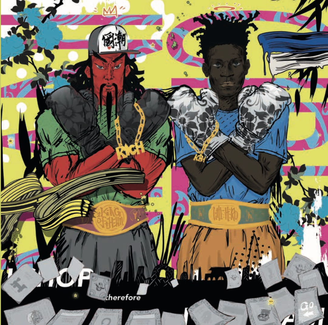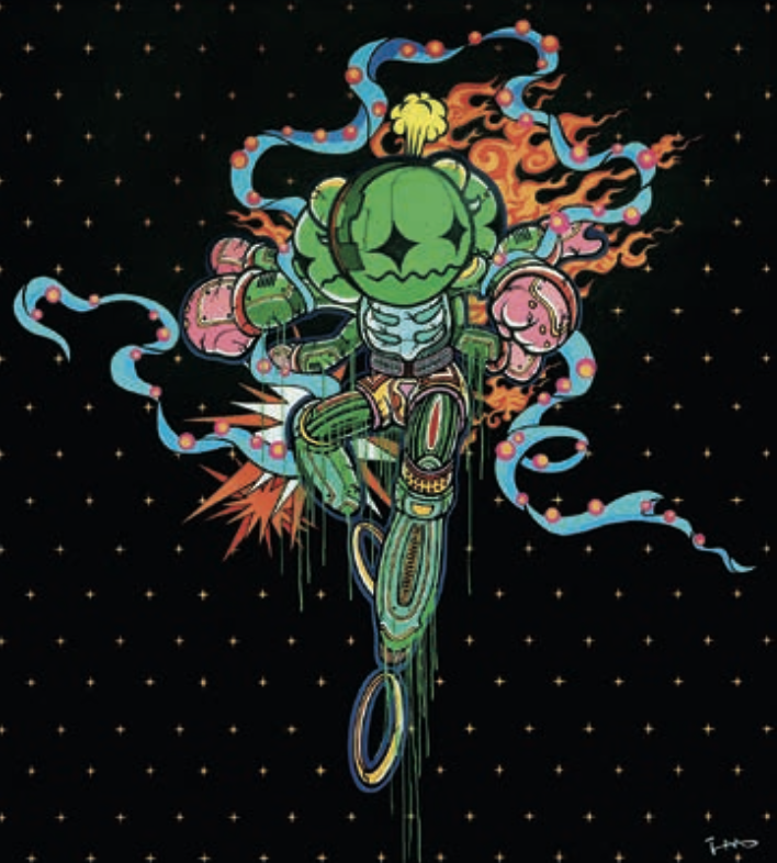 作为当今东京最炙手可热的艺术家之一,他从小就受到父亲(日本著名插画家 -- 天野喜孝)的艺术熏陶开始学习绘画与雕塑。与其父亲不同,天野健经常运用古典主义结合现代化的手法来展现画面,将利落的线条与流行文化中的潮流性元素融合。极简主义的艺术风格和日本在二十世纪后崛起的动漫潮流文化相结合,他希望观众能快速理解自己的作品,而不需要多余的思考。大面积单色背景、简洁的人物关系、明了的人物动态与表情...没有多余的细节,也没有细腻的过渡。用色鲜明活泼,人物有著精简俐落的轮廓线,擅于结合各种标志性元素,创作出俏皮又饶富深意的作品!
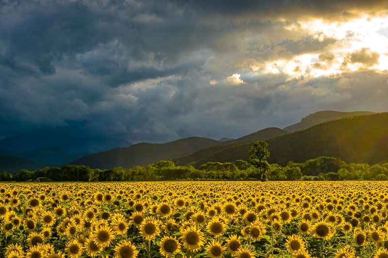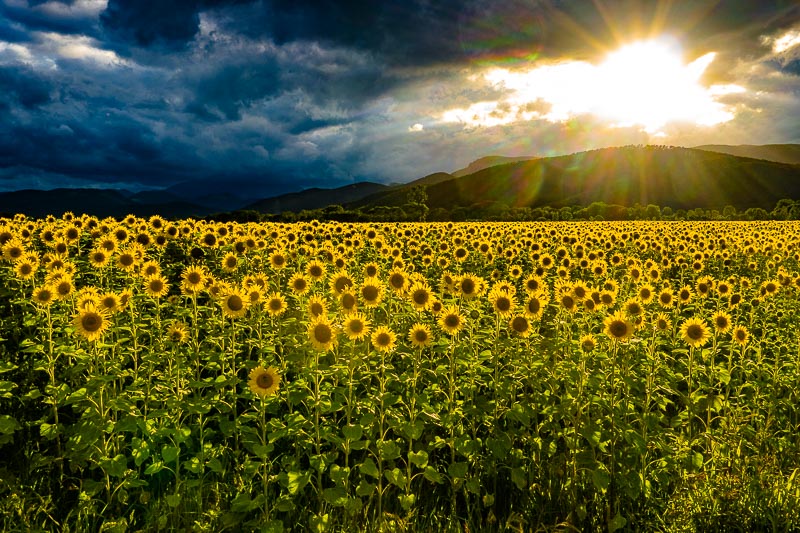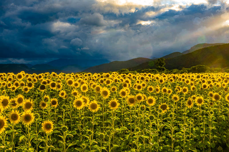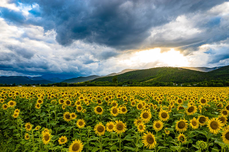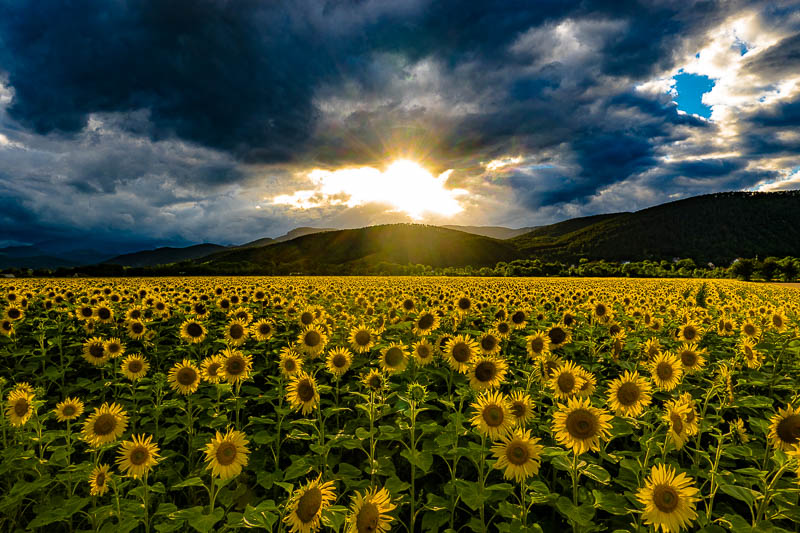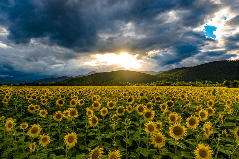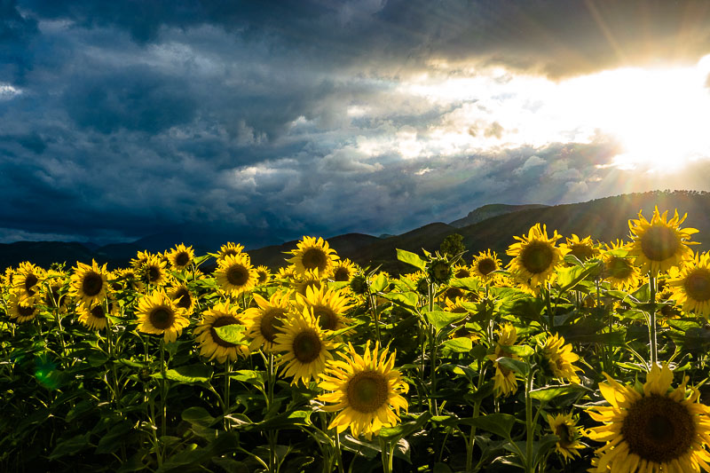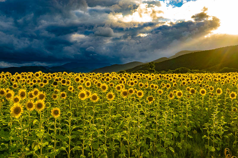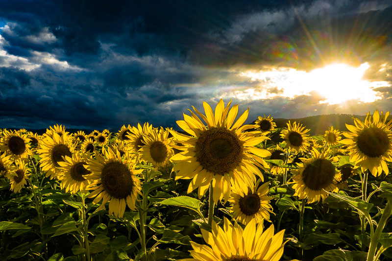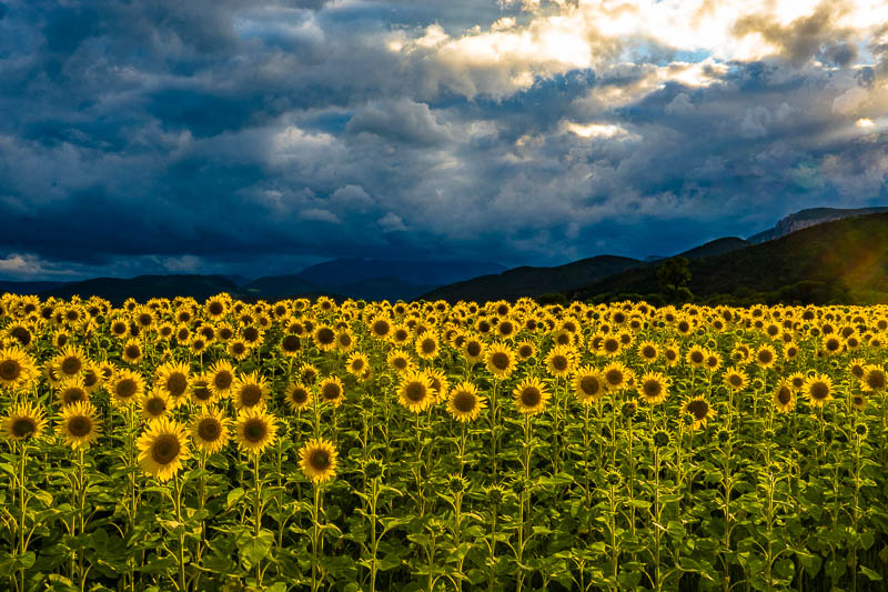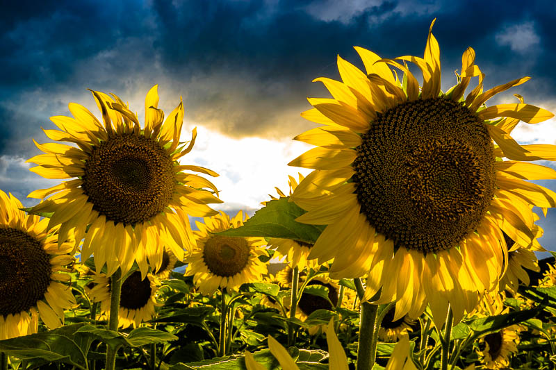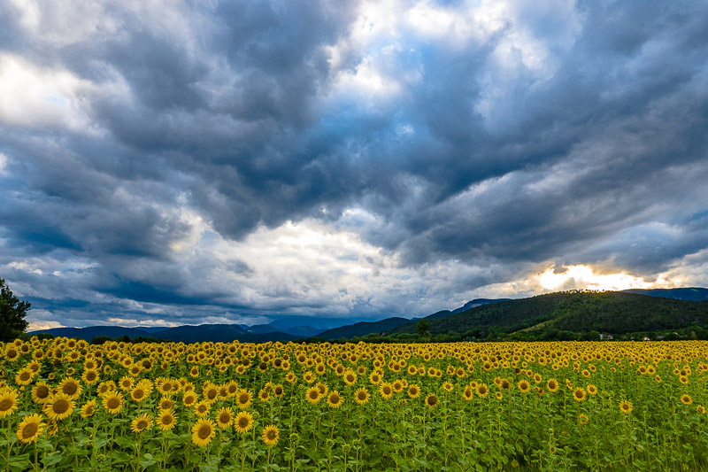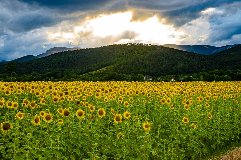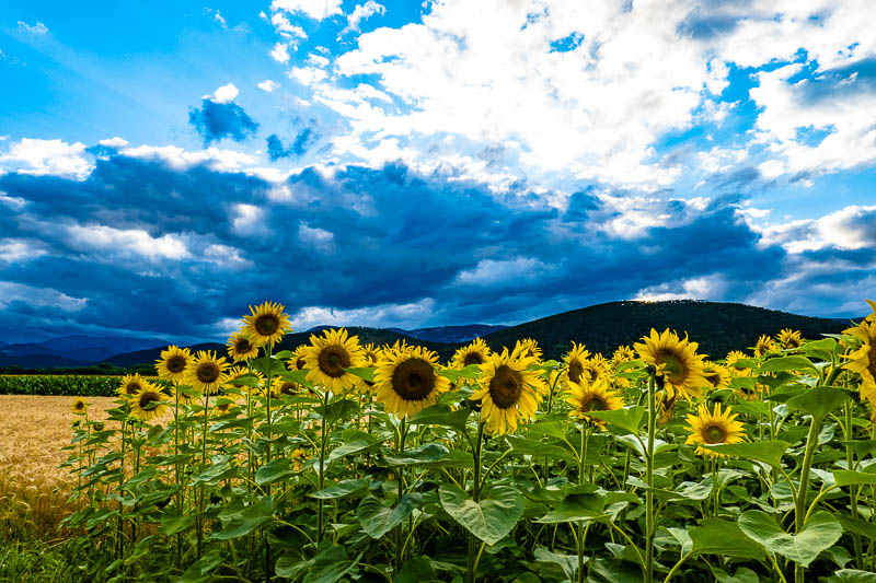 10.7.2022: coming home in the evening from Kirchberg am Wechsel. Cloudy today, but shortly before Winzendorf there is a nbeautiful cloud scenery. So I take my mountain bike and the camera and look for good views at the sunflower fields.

==

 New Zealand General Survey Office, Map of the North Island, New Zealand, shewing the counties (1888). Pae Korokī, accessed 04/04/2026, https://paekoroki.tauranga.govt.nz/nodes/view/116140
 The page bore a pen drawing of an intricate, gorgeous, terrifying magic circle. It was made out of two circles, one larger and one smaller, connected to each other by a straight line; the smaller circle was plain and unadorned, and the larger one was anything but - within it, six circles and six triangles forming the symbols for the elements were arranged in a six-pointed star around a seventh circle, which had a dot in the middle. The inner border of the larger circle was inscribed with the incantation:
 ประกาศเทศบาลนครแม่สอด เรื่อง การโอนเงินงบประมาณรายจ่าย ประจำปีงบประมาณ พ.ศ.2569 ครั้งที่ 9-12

● WORK ITEM
In the data above, which lines lie between the line with "New Zealand General" and the line with "ประกาศเทศบาลนครแม่สอด เรื่อง การโอนเงินงบประมาณรายจ่าย", inclusive? Print those lines exactly and nothing else.

● THE ANSWER
 New Zealand General Survey Office, Map of the North Island, New Zealand, shewing the counties (1888). Pae Korokī, accessed 04/04/2026, https://paekoroki.tauranga.govt.nz/nodes/view/116140
 The page bore a pen drawing of an intricate, gorgeous, terrifying magic circle. It was made out of two circles, one larger and one smaller, connected to each other by a straight line; the smaller circle was plain and unadorned, and the larger one was anything but - within it, six circles and six triangles forming the symbols for the elements were arranged in a six-pointed star around a seventh circle, which had a dot in the middle. The inner border of the larger circle was inscribed with the incantation:
 ประกาศเทศบาลนครแม่สอด เรื่อง การโอนเงินงบประมาณรายจ่าย ประจำปีงบประมาณ พ.ศ.2569 ครั้งที่ 9-12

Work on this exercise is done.